Must not be or have been within the previous five years an employee or executive officer of the Company, an employee, executive officer or Director of a company consolidated within the Company, an employee, executive officer or Director of the parent company of the Company or a company consolidated within this parent company.

Criterion 2: Cross Directorships

Must not be an executive officer of a company in which the Company, directly or indirectly, holds a Directorship, or in which an employee appointed as such or an executive officer of the Company (currently in office or having held such office within the last five years) holds a Directorship.

Criterion 3: Significant business relationships

Must not be a customer, supplier, commercial banker, investment banker or consultant of significance to the Company or its Group or for which the Company or its Group represents a significant portion of its activity.
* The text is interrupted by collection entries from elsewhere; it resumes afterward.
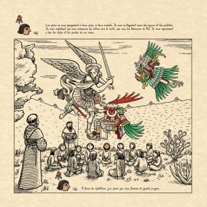 J’ai pris l’habitude de dire que si Jean avait été chorégraphe, on aurait présenté un ballet. Alors, Jean avait croisé le codex de Florence, le codex mésoaméricain et avait éprouvé la puissance graphique de ce matériau-là. Moi, par ailleurs, j’avais travaillé sur le Mexique de la fin du XVIe siècle, aux archives à Mexico, à Séville, et j’avais croisé certains des personnages qu’on voit apparaître dans la BD aussi, comme l’archevêque Pedro Moya de Contreras dont j’avais lu les correspondances manuscrites.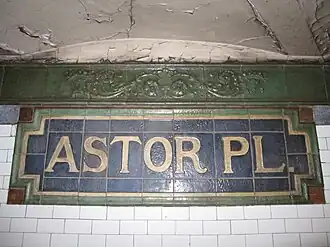 - ^ a b c d e f g h i j k l m n o p q r s t u v "New York MPS Astor Place Subway Station (IRT)". Records of the National Park Service, 1785 – 2006, Series: National Register of Historic Places and National Historic Landmarks Program Records, 2013 – 2017, Box: National Register of Historic Places and National Historic Landmarks Program Records: New York, ID: 75313927. National Archives.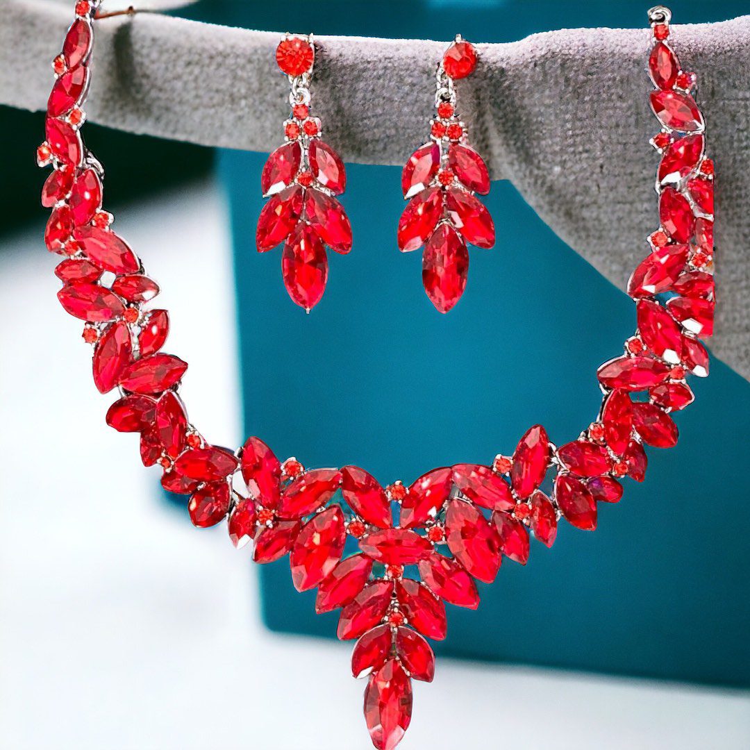 CINDERELLA piros színű gyönyörű bizsu alkalmi kristály nyaklánc szett

The evaluation of the significance or otherwise of the relationship with the Company or its Group must be discussed by the Board and the quantitative and qualitative criteria that led to this evaluation must be clarified in the annual report.

Criterion 4: Family ties

Must not be related by close family ties to a corporate officer.

Criterion 5: Auditor

Must not have been an Auditor of the Company within the previous 5 years.

Criterion 6: Period of office exceeding 12 years

Must not have been a Director of the Company for more than 12 years. Loss of the status of independent Director occurs on the date of the 12th anniversary.

Criterion 7: Variable remuneration or performance-based remuneration

Must not receive variable remuneration in cash or securities or any remuneration related to the performance of the Company or the Group.

Independence criteria
Criterion 8: Major shareholders

A Director representing a major shareholder of the Company or its parent company may be considered independent, provided this shareholder does not participate in the control of the Company. Nevertheless, beyond a 10% threshold in capital or voting rights, the Board of Directors shall systematically question the status of independent by taking into account the structure of the Company’s capital and the existence of a potential conflict of interest.